Analysis:
In order to solve this question, we need to first understand what a median is. A median is the middle value of a dataset.
Since we have 2 seperately sorted array in this question, to find the middle value is somewhat complicated. However, keep in mind that we do not care about the actual value of the numbers, what we want is the middle point from the combination of 2 arrays. In other words, we are looking for the middle index of the 2 arrays. Thus approach like binary search could be employed.

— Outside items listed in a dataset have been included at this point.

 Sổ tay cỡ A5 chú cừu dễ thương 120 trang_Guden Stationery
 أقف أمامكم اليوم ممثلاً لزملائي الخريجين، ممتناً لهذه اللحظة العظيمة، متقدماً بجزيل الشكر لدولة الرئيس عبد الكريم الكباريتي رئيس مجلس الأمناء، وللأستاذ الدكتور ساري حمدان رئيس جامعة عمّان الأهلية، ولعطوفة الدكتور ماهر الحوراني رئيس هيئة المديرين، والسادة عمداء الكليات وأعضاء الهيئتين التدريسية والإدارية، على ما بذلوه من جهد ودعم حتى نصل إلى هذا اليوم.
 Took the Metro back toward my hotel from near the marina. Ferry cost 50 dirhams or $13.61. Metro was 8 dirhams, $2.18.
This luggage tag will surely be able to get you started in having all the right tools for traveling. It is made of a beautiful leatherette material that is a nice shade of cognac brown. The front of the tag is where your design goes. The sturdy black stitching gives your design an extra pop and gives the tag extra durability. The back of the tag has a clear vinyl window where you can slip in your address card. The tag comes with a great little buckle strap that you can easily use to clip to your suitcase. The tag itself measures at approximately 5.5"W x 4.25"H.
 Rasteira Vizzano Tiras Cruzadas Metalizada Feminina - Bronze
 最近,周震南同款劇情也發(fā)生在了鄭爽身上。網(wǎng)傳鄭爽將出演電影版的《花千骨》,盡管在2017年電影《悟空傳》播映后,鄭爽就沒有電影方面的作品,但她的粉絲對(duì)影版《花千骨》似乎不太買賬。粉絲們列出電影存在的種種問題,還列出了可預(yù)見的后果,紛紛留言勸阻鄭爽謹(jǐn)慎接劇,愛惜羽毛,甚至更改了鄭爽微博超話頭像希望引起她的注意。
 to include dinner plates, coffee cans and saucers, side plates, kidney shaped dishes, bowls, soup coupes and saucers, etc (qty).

Based on the fact that the 2 arrays are sorted seperatedly, we could try to get the submedian of the 2 arrays in each round. Than compare them. And the basic idea is that the left half of the array with a smaller submedian can never contains the common median.
public class Solution {
public double findMedianSortedArrays(int[] nums1, int[] nums2) {
// Deal with invalid corner case.
if (nums1 == null || nums2 == null || nums1.length == 0 || nums2.length == 0) return 0.0;
int m = nums1.length, n = nums2.length;
int l = (m + n + 1) / 2; //left half of the combined median
int r = (m + n + 2) / 2; //right half of the combined median
// If the nums1.length + nums2.length is odd, the 2 function will return the same number
// Else if nums1.length + nums2.length is even, the 2 function will return the left number and right number that make up a median
return (getKth(nums1, 0, nums2, 0, l) + getKth(nums1, 0, nums2, 0, r)) / 2.0;
}
private double getKth(int[] nums1, int start1, int[] nums2, int start2, int k) {
// This function finds the Kth element in nums1 + nums2
// If nums1 is exhausted, return kth number in nums2
if (start1 > nums1.length - 1) return nums2[start2 + k - 1];
// If nums2 is exhausted, return kth number in nums1
if (start2 > nums2.length - 1) return nums1[start1 + k - 1];
// If k == 1, return the first number
// Since nums1 and nums2 is sorted, the smaller one among the start point of nums1 and nums2 is the first one
if (k == 1) return Math.min(nums1[start1], nums2[start2]);
int mid1 = Integer.MAX_VALUE;
int mid2 = Integer.MAX_VALUE;
if (start1 + k / 2 - 1 < nums1.length) mid1 = nums1[start1 + k / 2 - 1];
if (start2 + k / 2 - 1 < nums2.length) mid2 = nums2[start2 + k / 2 - 1];
// Throw away half of the array from nums1 or nums2. And cut k in half
if (mid1 < mid2) {
return getKth(nums1, start1 + k / 2, nums2, start2, k - k / 2); //nums1.right + nums2
} else {
return getKth(nums1, start1, nums2, start2 + k / 2, k - k / 2); //nums1 + nums2.right
}
}
}